To look at it a different way, there is nothing in legal project management that can be marketed and sold independently of the legal advice being provided. And legal project management has always been part of legal service delivery – transactions would never complete and litigations would never conclude if someone wasn’t in charge and steering the ship. So, whilst LPM still remains a relatively new concept, all we have actually done is extracted a necessary part of legal services delivery, found a group of professional who are particularly good at leading, and attached a label to that part of the legal work that sits inextricably around, but distinct from the advice, drafting, negotiation and research done by a collection of lawyers in a complex matter.

So, now we have established that LPM has always been there – charged at strategic hourly rates and rarely, if ever challenged as a non-chargeable activity by clients (financial management being excluded) we can stop calling it out as a value add and start to show clients that by bringing in professionals to do it, we can push the price point down a little – after all, absent a competent legal project manager, the decisions on how, when and by whom the work will be done, will be left at a very senior (and expensive) level.

What is actually meant by LPM ‘products’?

The reality is that when we allude to LPM ‘products’ we are actually talking about progressive and creative legal products – certainly, at least, when we talk about the kinds of ‘products’ that might be used as differentiators for a law firm.
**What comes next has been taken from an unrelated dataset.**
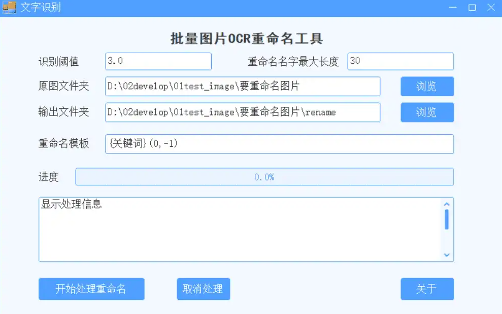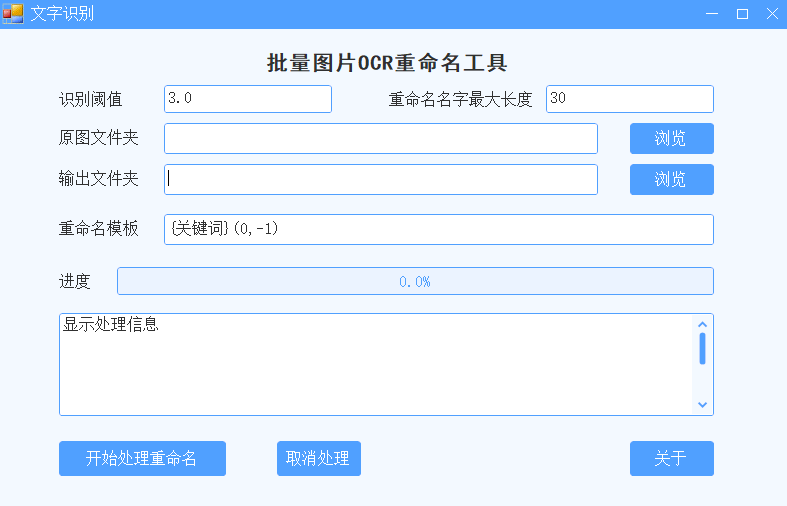 批量图片OCR重命名工具是一款非常实用的图片名修改工具,支持用户选择多张图片一起进行修改。用户能自行设置命名的长度等参数,而且在进行处理的时候会实时显示进度。软件使用方式十分简单,非常适合新手使用。

These types of things might include hotlines with triage capability to help ease the burden for lean and over-stretched in-house legal teams, managed services or digitised due diligence, document review or disclosure services. There is a small but highly effective collection of technologies that clients welcome because they force transparency. Technologies such as collaboration tools (for the design and build of virtual deal spaces), workflow automations (to manage diligence and disclosure); document automation (for managed services and volume contracting),… the list continues but each is a better way of delivering a legal product that already exists. None is an LPM ‘product’. Even ‘products’ like the regulatory toolkits and interactive platforms built for hosting technical regulatory advice in complex and fluid regulatory regimes are ‘legal’ and not LPM products – not withstanding that the ‘how’ of the delivery of those kinds of legal projects will be coming from a legal project manager supported by a strong and technically sound Legal Operations team.

LPM ‘products’ for private practice lawyers are simply good legal project management principles. Tools and templates prepared by LPM teams including standardised matter plans, project plans, financial reporting templates, stakeholder maps and scopes of work are all formalised or codified operating models or parts of operating models. Those things aren’t LPM products – they are simply the first step in the effective launch of any LPM initiative in private practice.

Solving user problems and doing things better and more efficiently is process improvement and service excellence – it isn’t product development. As such, getting clients to pay for your efforts isn’t a problem – you are simply presenting them with a more cost effective legal service that takes advantage of technology and good and experienced management from people hired to actually manage.

That all said, applying a problem solving mindset of the kind that drives those in product development to produce saleable and in-demand products, is exactly what your LPM team should be doing.